## Records for this exercise

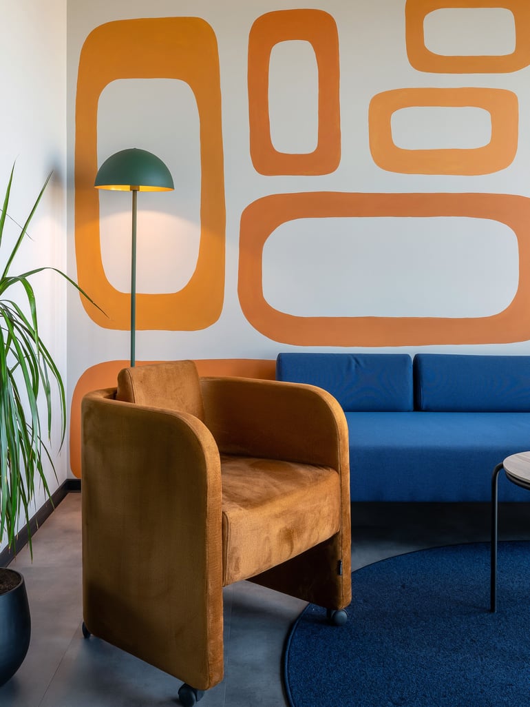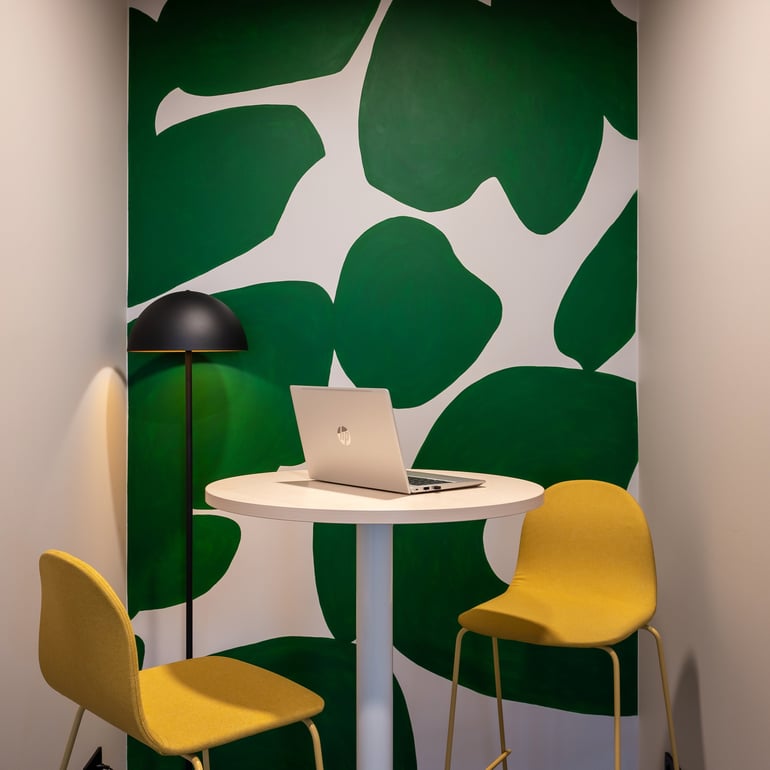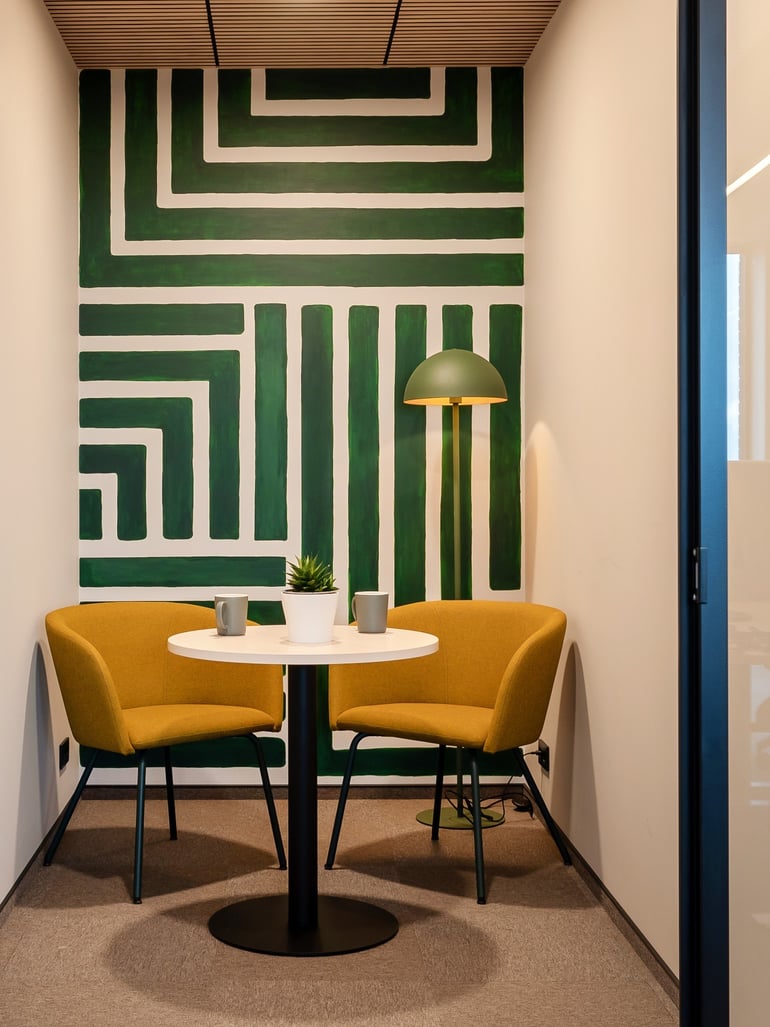 Kristiāna Pētersone, Nexpay personāldaļas vadītājaLiela daļa uzņēmuma ikdienas notiek videozvanos ar klientiem, tāpēc īpaša uzmanība tika pievērsta klusas un patīkamas vides radīšanai sarunām. Šim nolūkam tika izveidotas kompaktas tikšanās telpas ar mākslinieces Radmilas Lipskas sienu gleznojumiem.
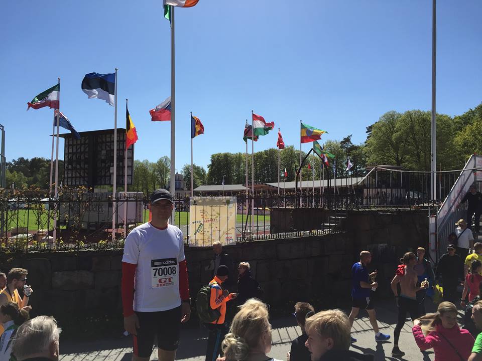 A délutáni rajt következtében reggel nem kellett kapkodni, de azért izgultunk, hogy érünk oda. Fölférünk-e a buszra, meg lehet-e majd a helyszínen mozdulni? Felfértünk. Nem volt nagyobb közönség, mint szombaton délelőttönként a hetes buszon. Fél óra a versenyközpontig, mindenki oda tart, addig is utastársak, futócuccok, szettek méregetése, fitymálás, irigykedés. A végállomáson aztán már hömpölyögött a nép, nagyon sok ember. Futók sűrűn, amíg a szem ellát. Ja, és gyönyörű napos idő, 13 fok, közepes szél, a svédek ezt is megszervezték. Elég lesz a technikai póló, semmi nem kell alá.
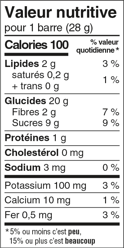 Sucres (sirop de maïs, pommes déshydratées, pâte de dattes), Flocons d'avoine entière, Huile de canola, Glycérine végétale, Canneberges à saveur de bleuets (canneberges, sucre, concentré de jus de raisin, concentré de jus de bleuet, huile de tournesol), Fibres de balles d'avoine, Concentré de carotte noire, Arôme naturel, Fraises déshydratées, Framboises déshydratées, Lécithine de soya, Rouge de betterave, Acide citrique, Substances laitières modifiées, Flocons de blé, Extrait de romarin, Acide ascorbique
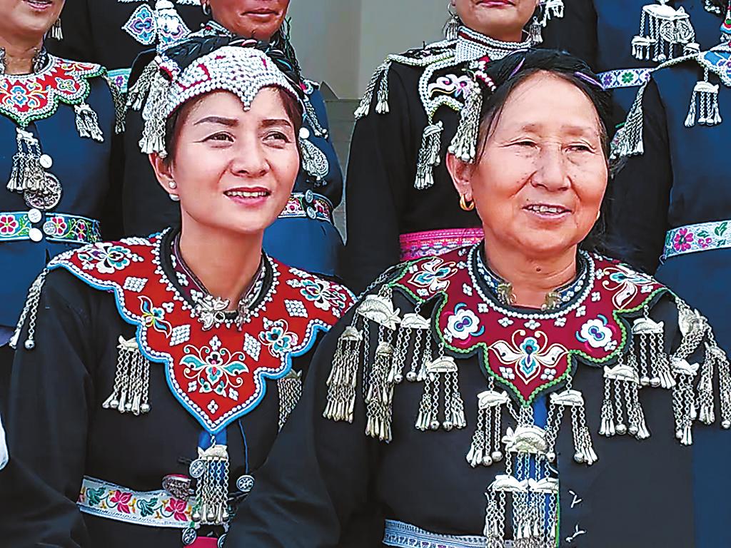穿在身上的“族群史书” 在莫郎的火把节上,身着盛装的彝族妇女是最亮丽的风景线。她们的服饰堪称一部用丝线与银饰书写的“族群史书”,每一处细节都承载着古老的文化密码。 女性服饰以靛蓝土布为底,最醒目的是胸前喜鹊尾形的刺绣胸襟。大红底布上,用蓝、绿、粉三色丝线绣满蝴蝶、花卉纹样,边缘嵌着一圈圆润的白色珍珠,下方垂着层层叠叠的银饰挂片,游鱼和飞鸟的造型暗含“鱼跃龙门”“百鸟朝凤”的美好寓意。头帕上缀满的珍珠、银泡,以及顶端插着的羽毛,象征着她们对山林、祖先的敬畏。老年妇女的彩虹条纹内衬衣袖,更是莫郎彝族聂苏支系独有的标志。 这些服饰均为女性手工缝制,从纺线、织布、染色到刺绣,往往需要耗费数月时间。在莫郎村的祭祀中,盛装不仅是对祖先的敬意,更是对族群身份的认同。银饰的叮当声、刺绣的斑斓色彩与土布的厚重质感交织在一起,让每一位舞者都成为行走的文化符号。
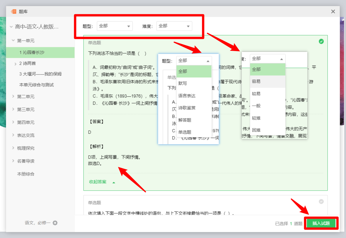 除了丰富的课件资源,希沃白板2021版还对题库资源进行了优化,支持多种题型。
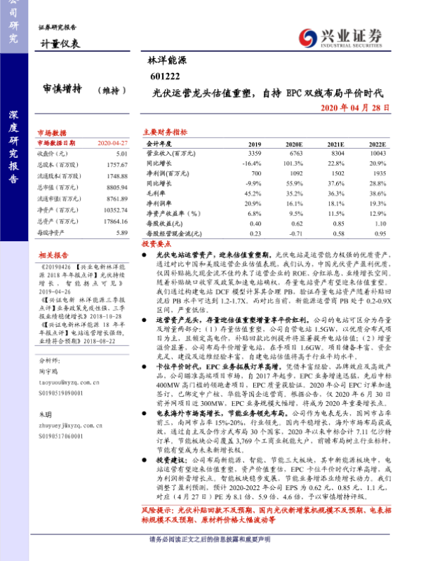 【兴业证券】【20200428】光伏运营龙头估值重塑,自持EPC双线布局平价时代-26页 行业研究
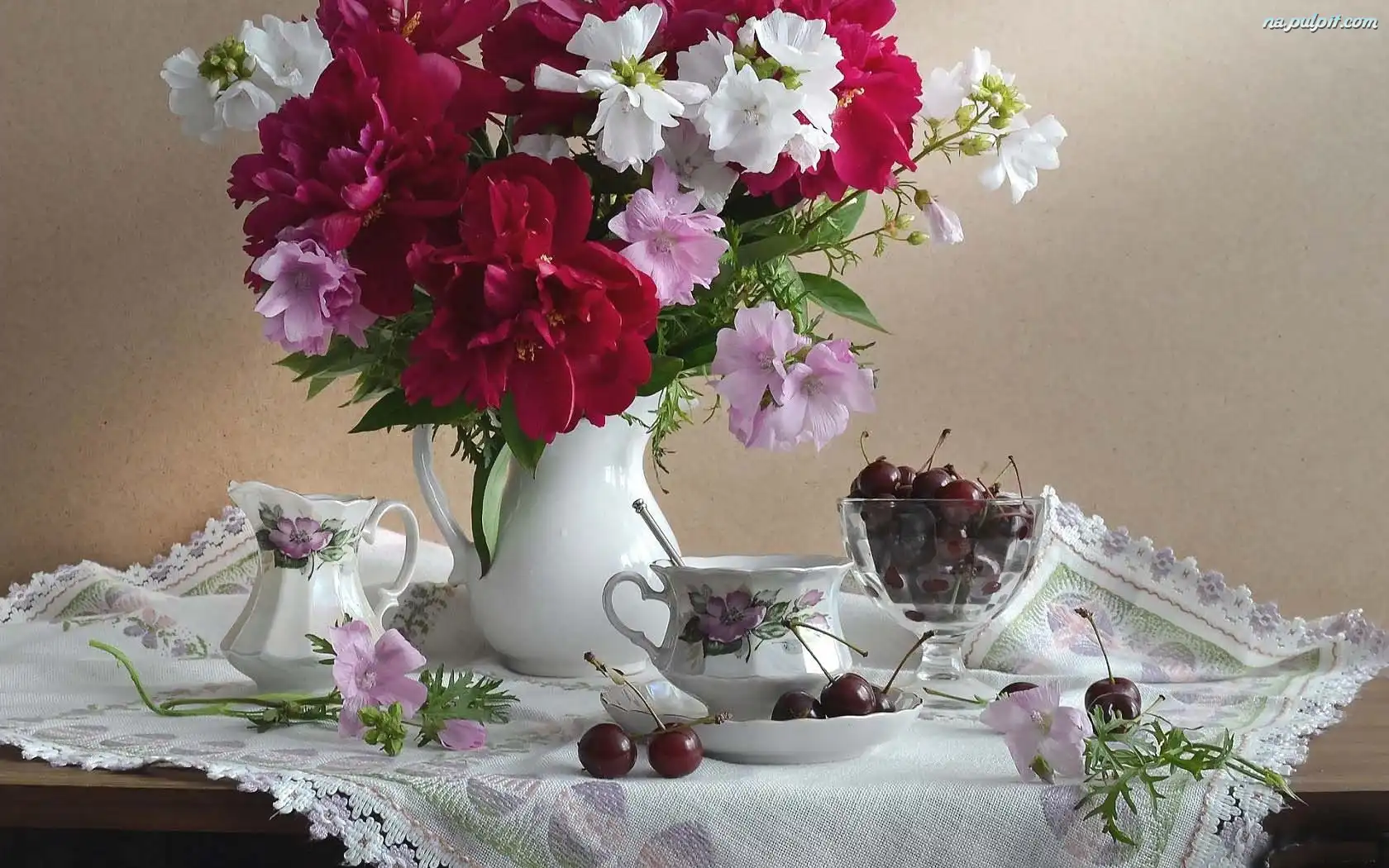 Dzbanuszek, Bukiet, Wazon, Piwonie, Kwiatów, Kompozycja, Czereśnie Na Pulpit
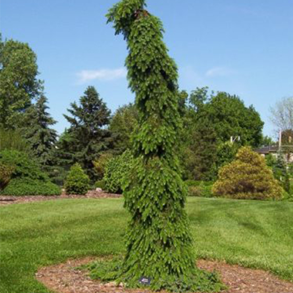 Bruns Weeping Serbian Spruce easily captures an adoring audience of raving fans. People adore these spire-like trees with their freeform, whimsical branches hugging a strong central leader.
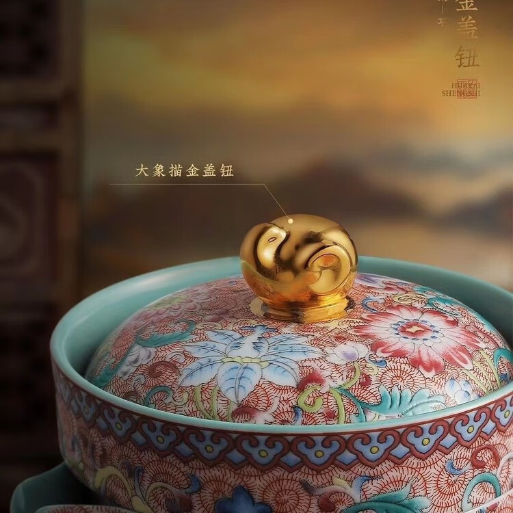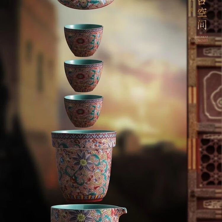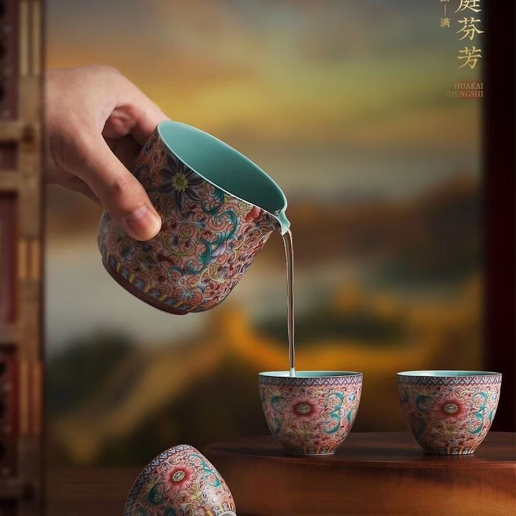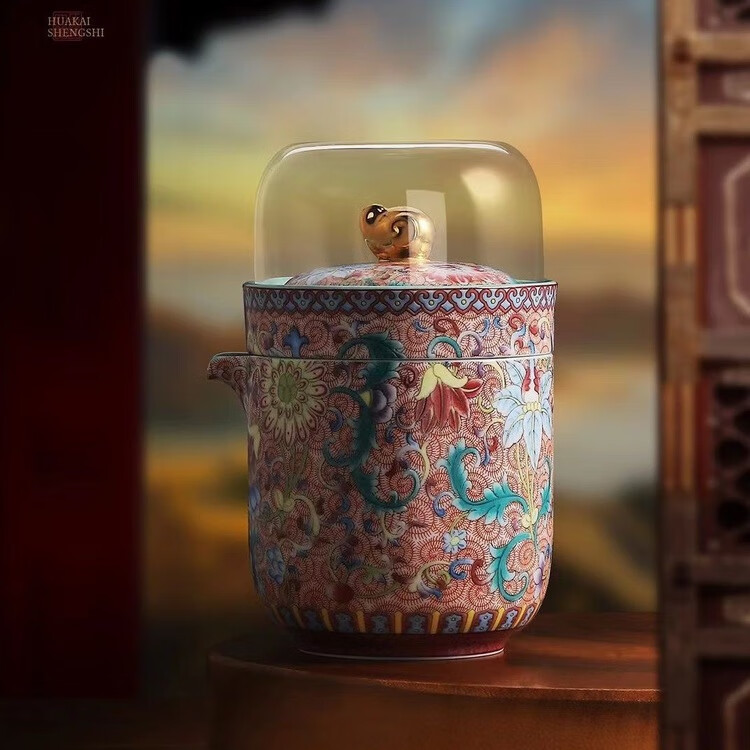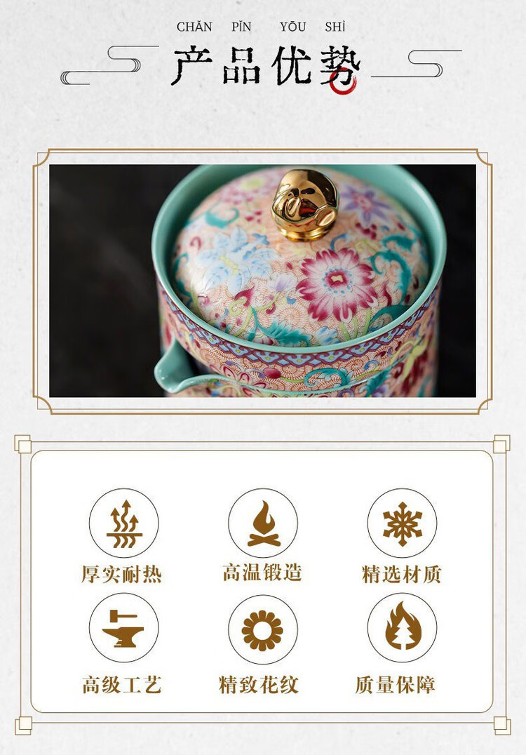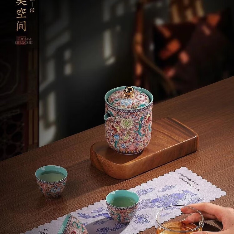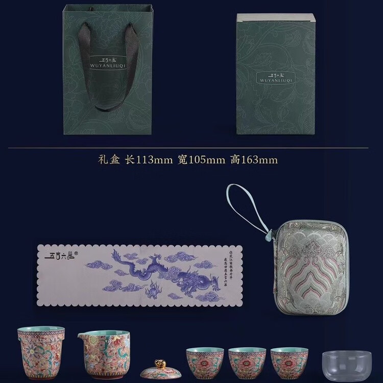 Minghuitong Five Characters and Six Ware Tea Set Enamel Gongfu Tea Set Blooming Flowers Jingdezhen Ruixiang Travel Pack with Gift Tea Set Travel Set 1 piece
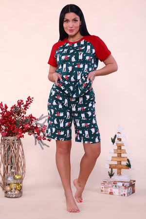 Женский костюм - футболка прямого кроя с классным принтом, шорты прямого кроя с карманами
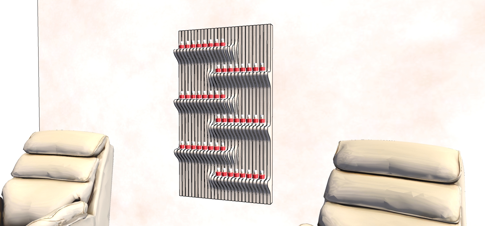 transform the provided image into a high end photorealistic interior render keep the exact composition and geometry enhancing realism with natural lighting soft shadows and refined materials the front wall should feature a subtle limewash line wash plaster texture in a warm neutral tone apply the same exact wall texture to the left wall to maintain visual continuity add a warm backlight behind the parametric wooden display piece approximately 2500k the backlight must emit only from the sides top and bottom edges of the piece there should be no light coming through the center or between the wooden slices the light should create a soft halo effect around the perimeter emphasizing depth while keeping the interior of the piece unlit the parametric wooden structure should appear premium with realistic wood grain smooth edges and a refined finish change the nail polish bottles to multiple different colors using a soft spa inspired palette nude blush terracotta muted reds soft pinks avoiding uniformity or repetition maintain a calm luxury spa atmosphere with balanced contrast realistic shadows and subtle reflections ultra realistic architectural visualization professional interior render
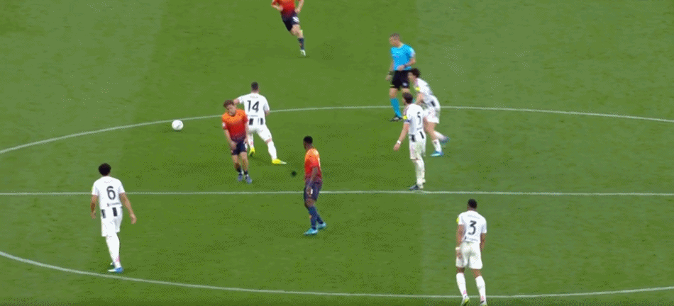 第33分钟,伊尔迪兹左路内切兜射,皮球被门将没收
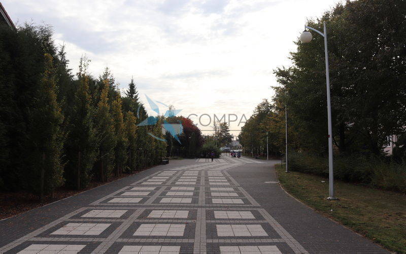 Liceum i Gimnazjum EKOS, plac zabaw,boisko sportowe, Biedronka,Netto,pętla autobusowa, a także basen, lodowisko, kręgielnia,korty tenisowe,wypożyczalnia sprzętu pływającego (łódki,kajaki) ,
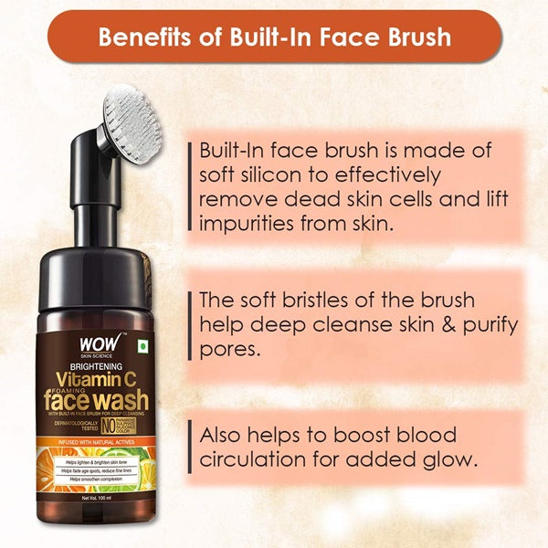 Wow Skin Science Vitamin C & Niacinamide Brightening Foaming Face Wash- (With Built-in Face Brush): 150 ml Key Features : It cleanses the skin...
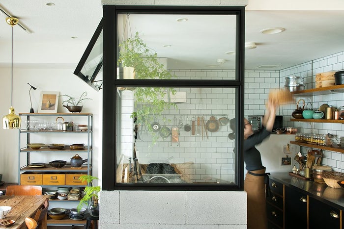 でも、完全にクローズドな空間にしてしまうと、光も入らないしやっぱりちょっとさみしいじゃないですか(笑)。この物件はリノベーションする前は開口部分が大きい一般的なキッチンカウンターだったので、そこに窓を取り付けてもらいました」 リノベーションでは間取りは大きく変えず、既存をうまく再利用。キッチンもビルトインオーブンとコンロは新たに入れ替えたそうですが、じつは天板やシンク、収納などは元から備わっていたものを使っているのだとか。
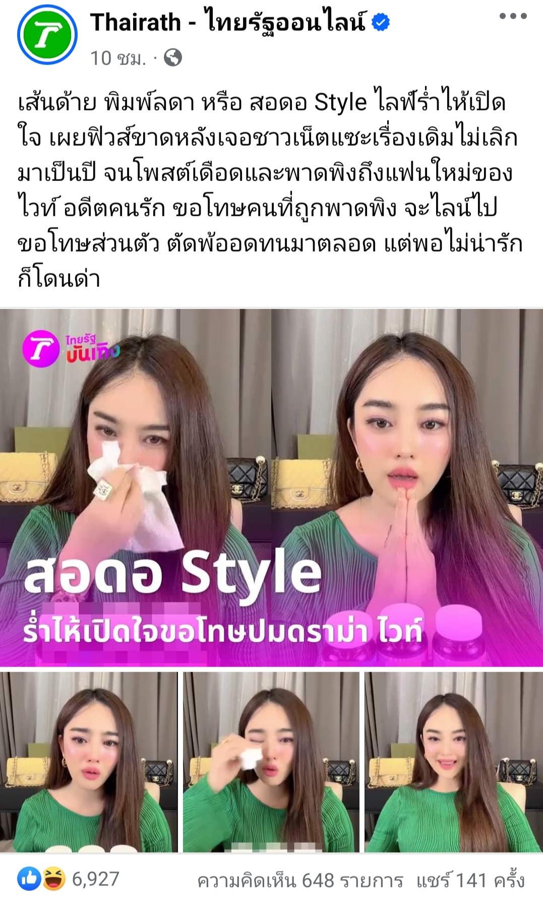 [RE: สอดอ Style เปิดใจไลฟ์สดทั้งน้ำตา หลังถูกชาวเน็ตแซะไม่เลิกจนไปพาดพิงแฟนใหม่ ไวท์ แฟนเก่า พร้อมขอโทษแฟนใหม่ไวท์ผ่าน Line แล้ว]

## Exercise goal
While skipping the pictures, transcribe the data above from the line showing "transform the provided" through the line showing "でも、完全にクローズドな空間", exactly and with both ends.

## Response to this task
 transform the provided image into a high end photorealistic interior render keep the exact composition and geometry enhancing realism with natural lighting soft shadows and refined materials the front wall should feature a subtle limewash line wash plaster texture in a warm neutral tone apply the same exact wall texture to the left wall to maintain visual continuity add a warm backlight behind the parametric wooden display piece approximately 2500k the backlight must emit only from the sides top and bottom edges of the piece there should be no light coming through the center or between the wooden slices the light should create a soft halo effect around the perimeter emphasizing depth while keeping the interior of the piece unlit the parametric wooden structure should appear premium with realistic wood grain smooth edges and a refined finish change the nail polish bottles to multiple different colors using a soft spa inspired palette nude blush terracotta muted reds soft pinks avoiding uniformity or repetition maintain a calm luxury spa atmosphere with balanced contrast realistic shadows and subtle reflections ultra realistic architectural visualization professional interior render
 第33分钟,伊尔迪兹左路内切兜射,皮球被门将没收
 Liceum i Gimnazjum EKOS, plac zabaw,boisko sportowe, Biedronka,Netto,pętla autobusowa, a także basen, lodowisko, kręgielnia,korty tenisowe,wypożyczalnia sprzętu pływającego (łódki,kajaki) ,
 Wow Skin Science Vitamin C & Niacinamide Brightening Foaming Face Wash- (With Built-in Face Brush): 150 ml Key Features : It cleanses the skin...
 でも、完全にクローズドな空間にしてしまうと、光も入らないしやっぱりちょっとさみしいじゃないですか(笑)。この物件はリノベーションする前は開口部分が大きい一般的なキッチンカウンターだったので、そこに窓を取り付けてもらいました」 リノベーションでは間取りは大きく変えず、既存をうまく再利用。キッチンもビルトインオーブンとコンロは新たに入れ替えたそうですが、じつは天板やシンク、収納などは元から備わっていたものを使っているのだとか。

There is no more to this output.